Volkswagen engineers at Kassel have used RomaxDESIGNER software to support transmission manufacturing for more than four years. “It’s important for the effective manufacture of gearboxes that you use a process that is not too costly” says Juri Kniss, calculations engineer at Volkswagen. “Some parameters are cheap to control, others are expensive. We want to look at all these parameters and examine the influence of variations in the production process. Romax provides the ability to look at the whole system, rather than individual components alone.”
At its Kassel plant, Volkswagen engineers use RomaxDESIGNER on a range of standard and non-standard investigations to support the effective production of manufactured gearboxes and to ensure the required quality has been achieved.
“We’ve used RomaxDESIGNER for more than four years,” says Kniss. “As a factory site, our focus is not to design gear sets, it’s to ensure the gearboxes we manufacture are consistently of the required quality. With RomaxDESIGNER we can assess the effects of gear manufacturing variability within a fast and accurate simulation.” He describes RomaxDESIGNER as “an important element in a ‘tool chain’ that includes other less specialized CAE packages.” In this case, engineers at Kassel use RomaxDESIGNER to analyze existing designs and assess how the tolerance variability of gear micro-geometry will impact on the NVH of the finished gearbox. “Romax allows us to do this by integrating rapid modeling and analysis of gears, shafts, bearings and housings within a single gearbox model to predict how components interact with each other.”
“We have also recently used RomaxDESIGNER to predict bearing preloads required for a new EV gearbox, which we achieved by calculating the interaction between three shafts and the electric motor,” Kniss explains, “and to look at which rings to mount in the factory. The housing hasn’t a great degree of stiffness, leading to complex interactions. So we want to change the bearing preloads and see the effects, to identify the correct settings to use when manufacturing the gearbox. To validate the methodology we set up a test rig to compare results and were able to see that Romax provided a good validation.”

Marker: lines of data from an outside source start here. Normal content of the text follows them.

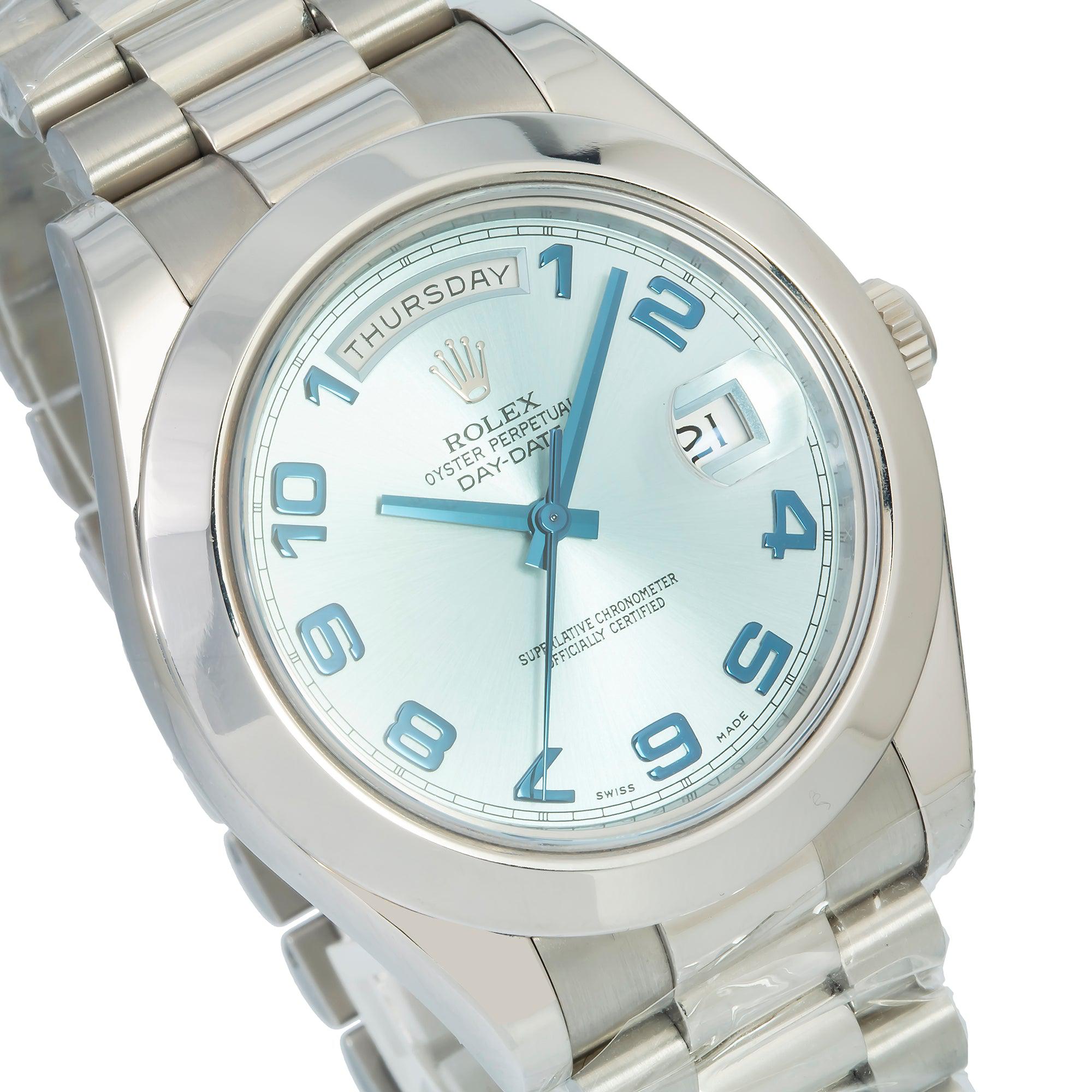 Rolex Day-Date II 41MM 218206 Ice Blue Arabic Dial Platinum Smooth Bezel Platinum President Bracelet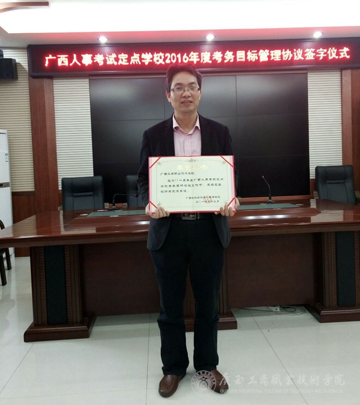 12月24日,從廣西區(qū)人事考試院傳來喜訊,我院在2015年度全區(qū)人事考試定點(diǎn)學(xué)??紕?wù)目標(biāo)管理工作中,成績突出,被評(píng)為先進(jìn)工作單位。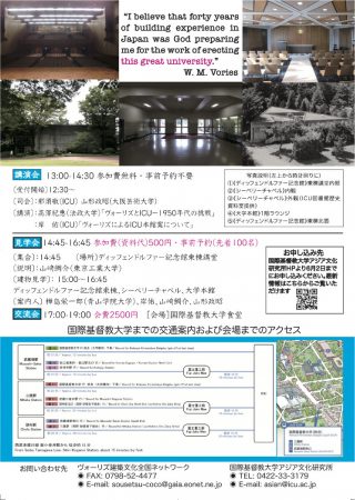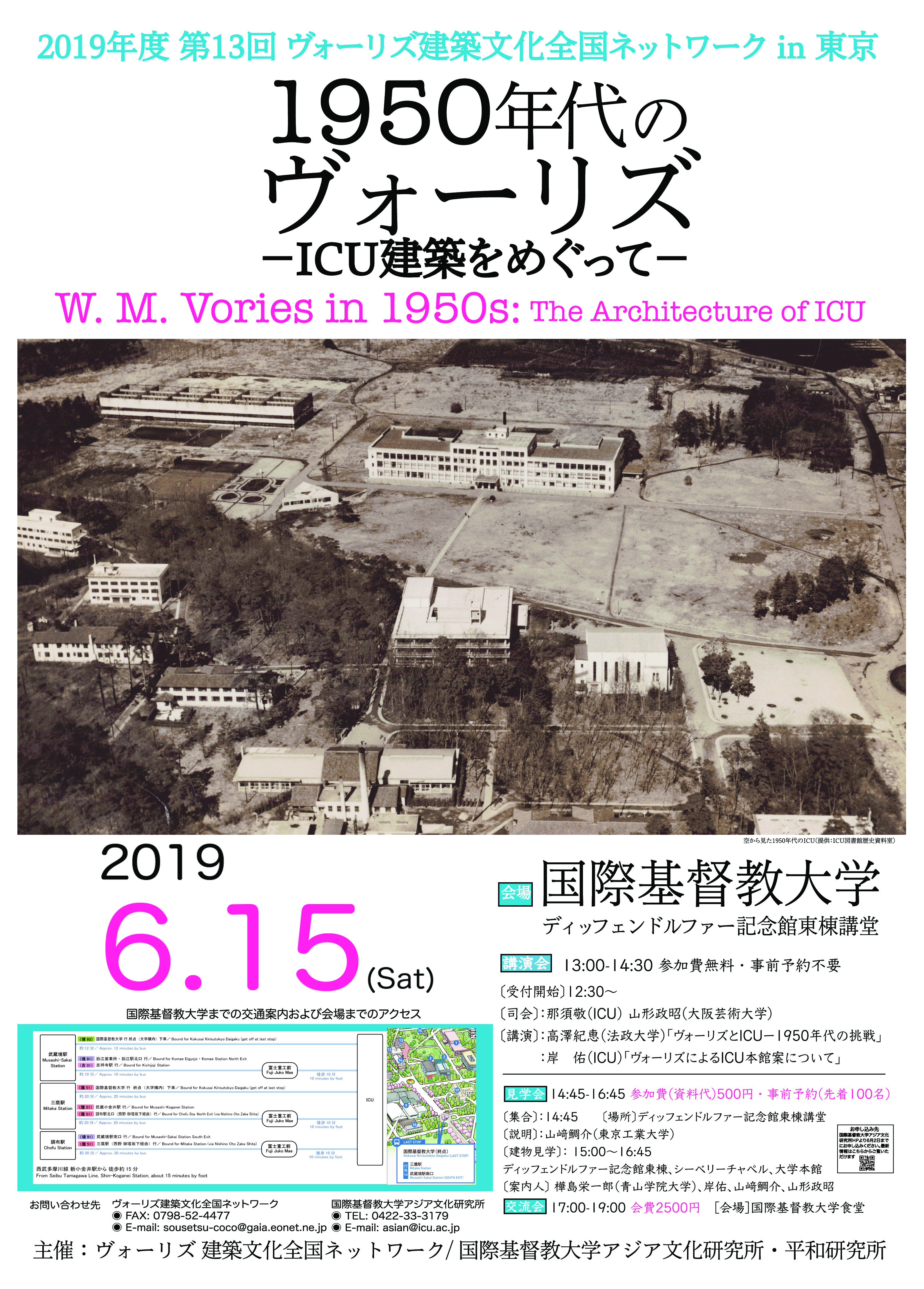 この度、アジア文化研究所では平和研究所、ヴォーリズ建築文化全国ネットワークとの共催で「1950年代のヴォーリズ:ICU建築をめぐって」を開催する運びとなりましたので、お知らせいたします。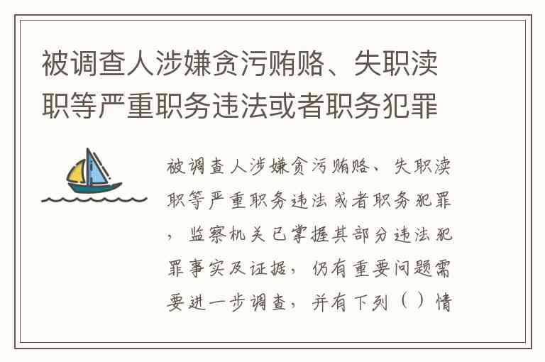 被调查人涉嫌贪污贿赂、失职渎职等严重职务违法或者职务犯罪,监察机关已掌握其部分违法犯罪事实及证据,仍有重要问题需要进一步调查,并有下列()情形之一的,经审批,监察机关依法可以将其留置在特定场所。A.涉及案情重大、复杂的 B.可能逃跑、自杀的 C.可能实施新的犯罪的 D.可能有其他妨碍调查行为的
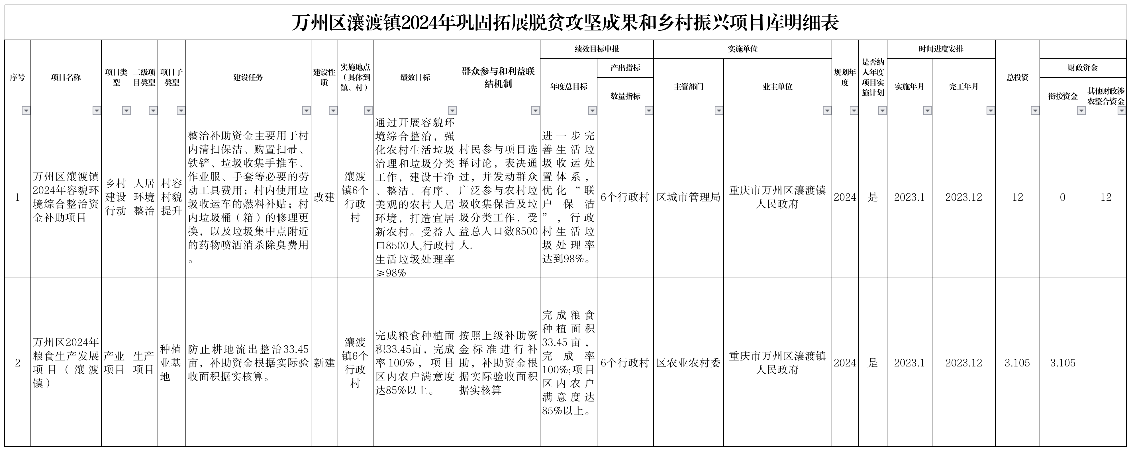 在线博彩平台 瀼渡镇2024年巩固拓展脱贫攻坚成果和乡村振兴项目库明细表

As part of the same project, RomaxDESIGNER was also used to analyze the fit between the motor stator and the gearbox housing, to predict any housing deformations and the resulting effects on the gears and bearings.
During the gearbox assembly the stator is fitted into the housing. This results in an interference fit and a degree of deformation of the housing, which causes some displacement of the gearbox bearings. The interference fit was modeled externally and the bearing displacements then applied as preloads to the Romax model. “In this case, we had a highly detailed model that we could apply to all of the bearings, to examine the effects of the interference fit,” Kniss says, “with different shaft misalignment predictions being evident along with different contact patterns for most of the gear sets.”
“We took the Romax misalignment predictions and passed them to our colleagues in Wolfsburg to support optimization of the gears, so they could apply this to calculate new micro geometry, to reduce noise and improve durability and so on,” states Kniss.
Summarizing their analysis work to date, Kniss adds, “The main benefit of using RomaxDESIGNER at the Kassel transmission plant is that we can build complex models that reflect the whole system, and we get good results. We can build several models if needed and use Romax to predict the effects of different tolerances so we can work out which ones we should focus on.”